What is positive edge dislocation?

What is positive edge dislocation?

Edge dislocation is considered positive when compressive stresses present above the dislocation line, and is represented by ┴. If the stress state is opposite i.e. compressive stresses exist below the dislocation line, it is considered as negative edge dislocation, and represented by ┬.

What are the features of dislocations in metals?

Dislocations are defined as the irregularities in the structure of metals. These arise from misplacement of bonds of the atoms in a part of the plane of a crystal and are considered to be weak centres. They are instrumental in affecting the breaking stress and plastic and chemical properties of crystals.

In which plane of HCP crystal slip occurs more commonly?

Slip in hexagonal close packed (hcp) metals is much more limited than in bcc and fcc crystal structures. Usually, hcp crystal structures allow slip on the densely packed basal {0001} planes along the <1120> directions.
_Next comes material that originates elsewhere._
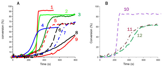 Real Time Fourier Transform Infrared (RT-FTIR) photopolymerization kinetics (C=C conversion vs. irradiation time; 1.4 mm thick sample) under air upon exposure to a Laser Diode@785nm; 2.5 W/cm²; for Mix-MA in the presence of dye/iodonium/4-dppba/BlocBuilder MA(0.1/2/2/2% w/w); the irradiation starts after 15 s for: (A) (1) DASA1; (2) DASA2; (3) DASA3; (4) DASA4; (5) DASA5; (6) DASA12; (7) DASA10; (8) DASA9; (9) DASA11; (B) (10) DASA7; (11) PP25; (12) PP26.

What is edge dislocation and screw dislocation?

Edge and Screw Dislocations. • In an edge dislocation, localized lattice distortion exists along the. end of an extra half-plane of atoms. • A screw dislocation results from shear distortion.

What is the fundamental difference between edge and screw dislocation?

The difference between edge and screw dislocation is that the edge dislocation occurs when an extra half-plane of atoms exists in the middle of the crystal lattice whereas the screw dislocation occurs when the planes of atoms in the crystal lattice trace a helical path around the dislocation line.

What is the stacking sequence of the BCC structure?

BCC structure has no closed-packed planes and therefore does not have a stacking sequence. Neither does at have stacking faults.

When do dislocations form junctions in slip systems?

Reactions between dislocations gliding in non-coplanar slip systems form junctions, except in the case of annihilations of two attractive dislocations gliding in two slip planes that contain their Burgers vector (the colinear interaction, cf. [8] ).

How does configuration asymmetry and Poisson’s ratio affect BCC metals?

The effects of configuration asymmetry and Poisson’s ratio are more marked in BCC metals than in FCC metals. These two major effects arise from a number of concurring dislocation mechanisms, which are discussed in some detail.

Is it possible to model the mechanical response of BCC slip systems?

In BCC metals, the few available results are restricted to interactions between the a /2<111> {110} slip systems. The modelling of the mechanical response requires, however, the knowledge of all interactions of the a /2<111> {110} and a /2<111> {112} slip systems.